## WHAT TO PRODUCE
Your task is to transcribe the records exactly, skipping every image.

## SUPPLIED MATERIAL
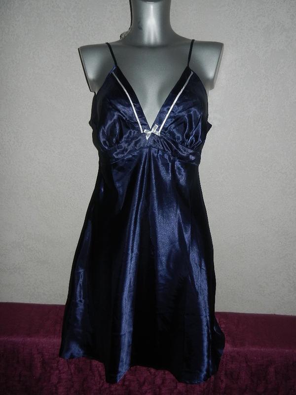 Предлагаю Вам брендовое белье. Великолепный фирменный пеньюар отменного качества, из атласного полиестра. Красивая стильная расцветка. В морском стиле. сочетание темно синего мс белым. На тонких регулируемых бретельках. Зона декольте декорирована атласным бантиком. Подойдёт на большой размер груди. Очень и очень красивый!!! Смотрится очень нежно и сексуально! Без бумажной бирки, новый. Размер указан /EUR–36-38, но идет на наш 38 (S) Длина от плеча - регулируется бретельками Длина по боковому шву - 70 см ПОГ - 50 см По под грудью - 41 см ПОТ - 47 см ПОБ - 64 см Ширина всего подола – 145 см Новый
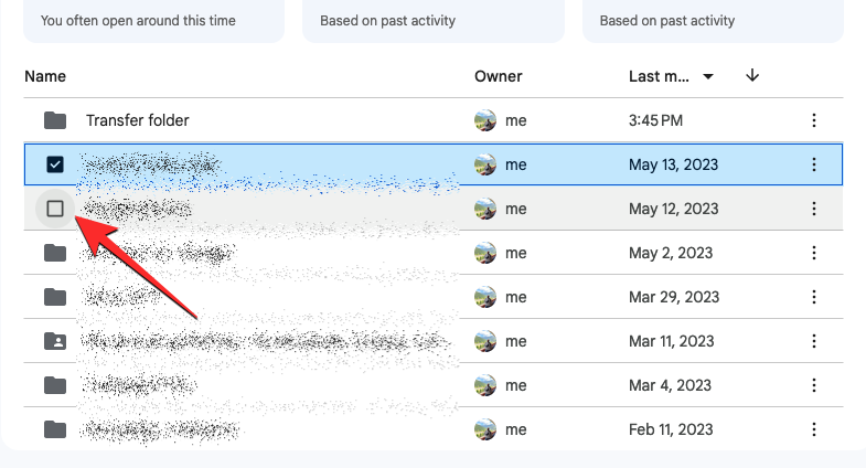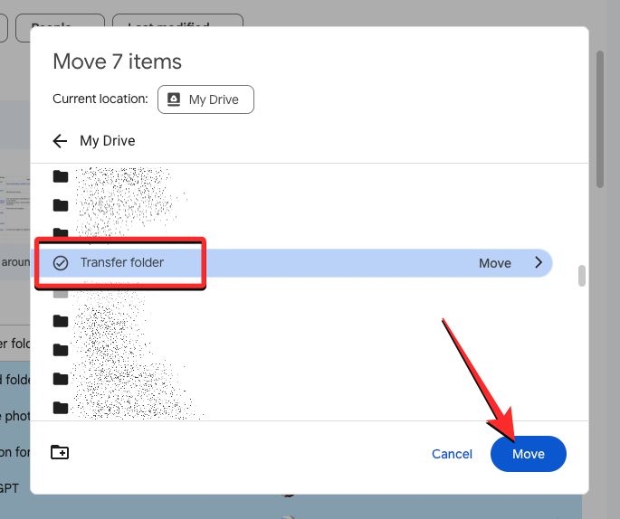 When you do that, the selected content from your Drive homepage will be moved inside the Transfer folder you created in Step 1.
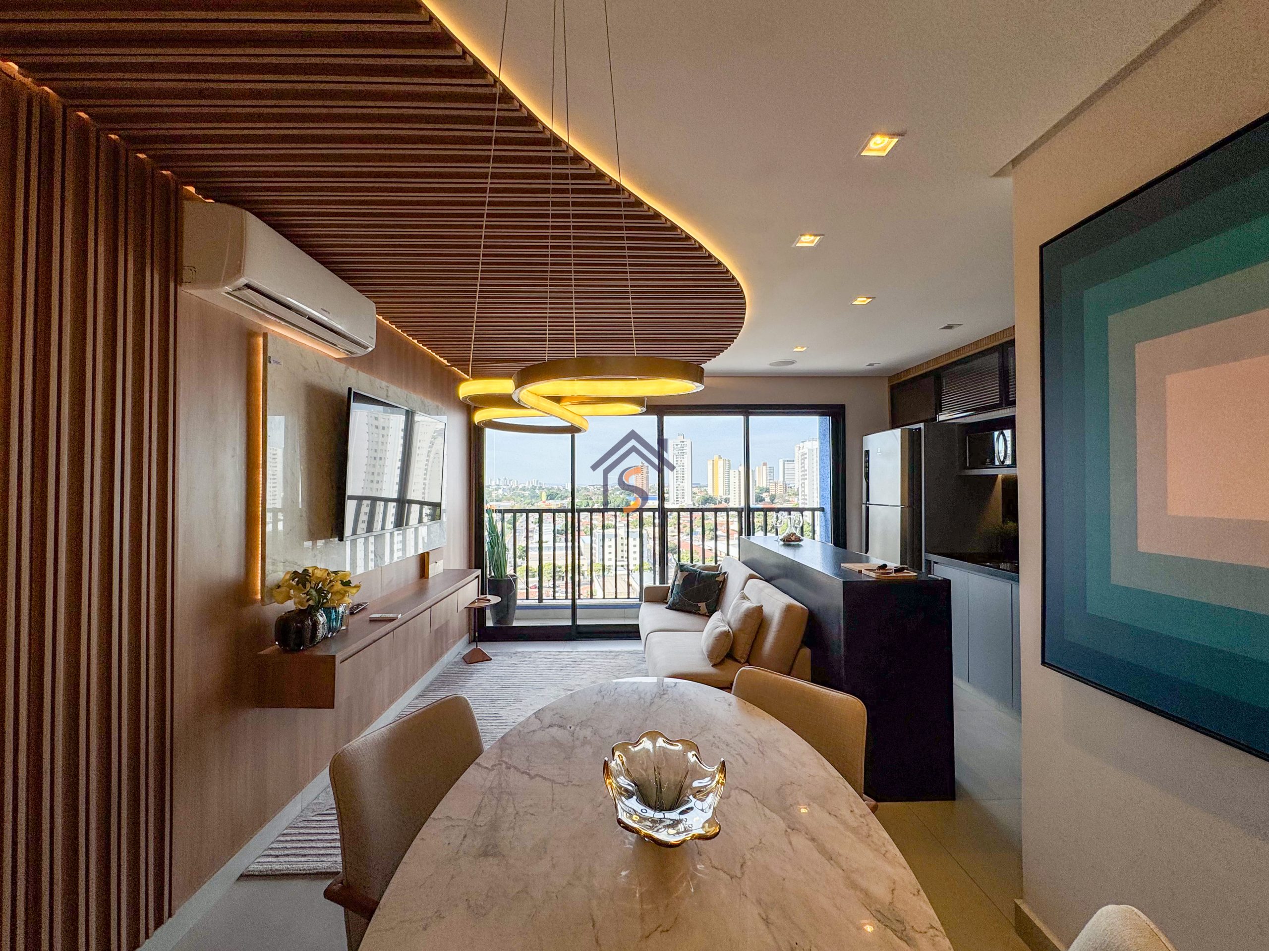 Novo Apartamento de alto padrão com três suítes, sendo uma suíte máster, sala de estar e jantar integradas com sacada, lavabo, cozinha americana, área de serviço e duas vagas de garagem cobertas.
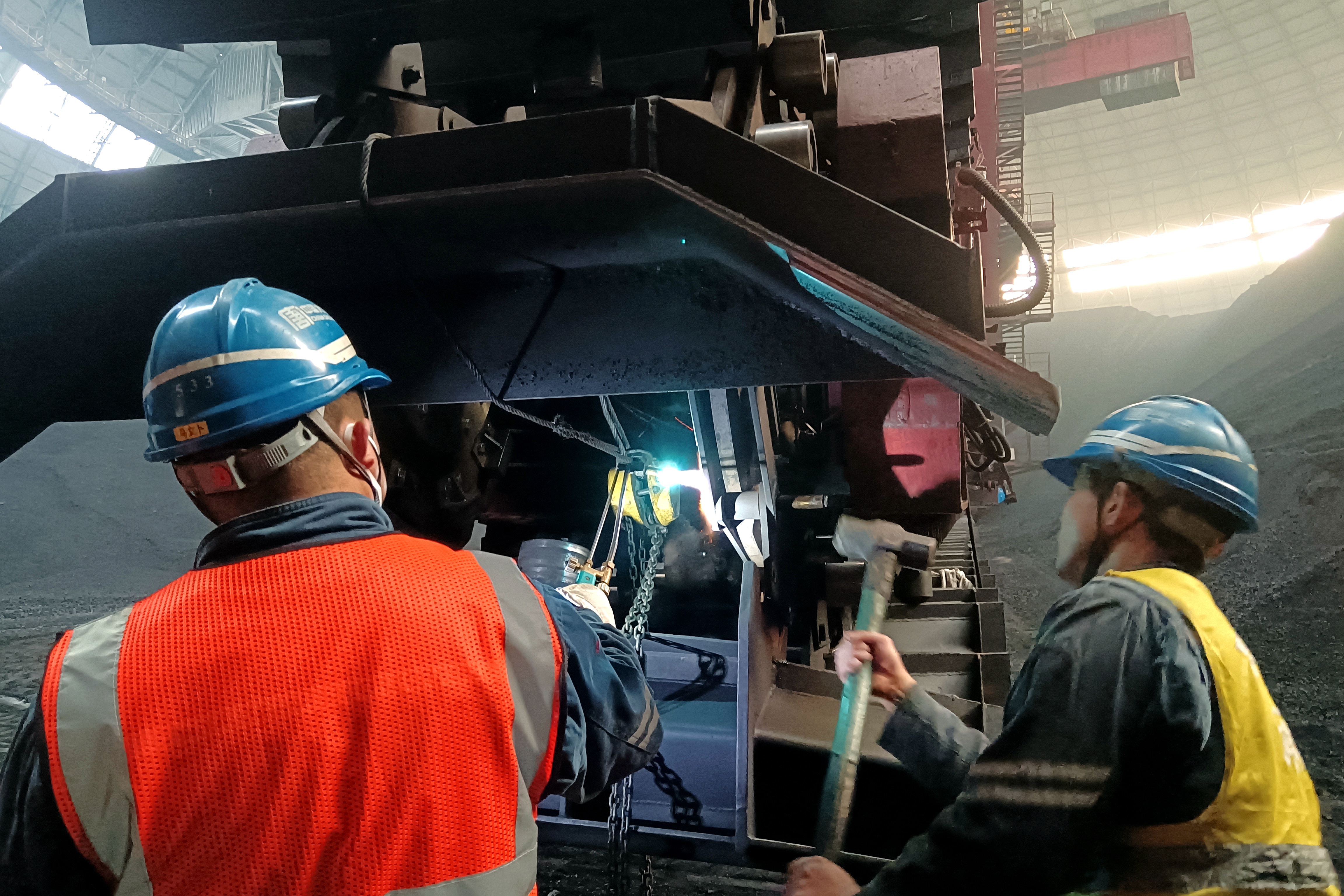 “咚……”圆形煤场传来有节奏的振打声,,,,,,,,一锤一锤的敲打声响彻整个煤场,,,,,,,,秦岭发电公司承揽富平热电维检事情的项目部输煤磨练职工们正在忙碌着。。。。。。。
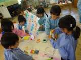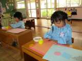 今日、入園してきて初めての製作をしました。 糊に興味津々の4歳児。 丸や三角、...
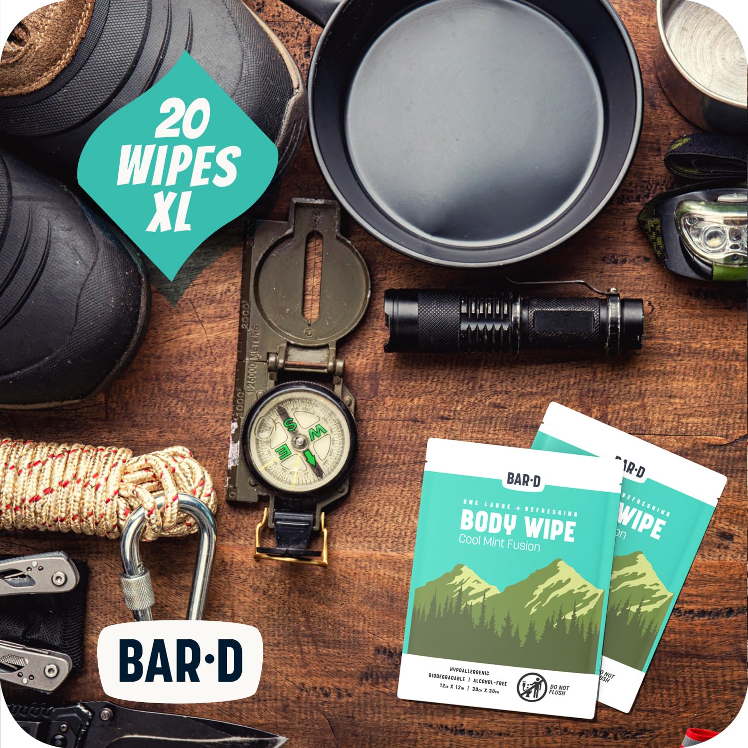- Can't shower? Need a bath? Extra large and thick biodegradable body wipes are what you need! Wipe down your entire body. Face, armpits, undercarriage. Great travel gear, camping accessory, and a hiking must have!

## YOUR SOLUTION
 Предлагаю Вам брендовое белье. Великолепный фирменный пеньюар отменного качества, из атласного полиестра. Красивая стильная расцветка. В морском стиле. сочетание темно синего мс белым. На тонких регулируемых бретельках. Зона декольте декорирована атласным бантиком. Подойдёт на большой размер груди. Очень и очень красивый!!! Смотрится очень нежно и сексуально! Без бумажной бирки, новый. Размер указан /EUR–36-38, но идет на наш 38 (S) Длина от плеча - регулируется бретельками Длина по боковому шву - 70 см ПОГ - 50 см По под грудью - 41 см ПОТ - 47 см ПОБ - 64 см Ширина всего подола – 145 см Новый
 When you do that, the selected content from your Drive homepage will be moved inside the Transfer folder you created in Step 1.
 Novo Apartamento de alto padrão com três suítes, sendo uma suíte máster, sala de estar e jantar integradas com sacada, lavabo, cozinha americana, área de serviço e duas vagas de garagem cobertas.
 “咚……”圆形煤场传来有节奏的振打声,,,,,,,,一锤一锤的敲打声响彻整个煤场,,,,,,,,秦岭发电公司承揽富平热电维检事情的项目部输煤磨练职工们正在忙碌着。。。。。。。
 今日、入園してきて初めての製作をしました。 糊に興味津々の4歳児。 丸や三角、...
- Can't shower? Need a bath? Extra large and thick biodegradable body wipes are what you need! Wipe down your entire body. Face, armpits, undercarriage. Great travel gear, camping accessory, and a hiking must have!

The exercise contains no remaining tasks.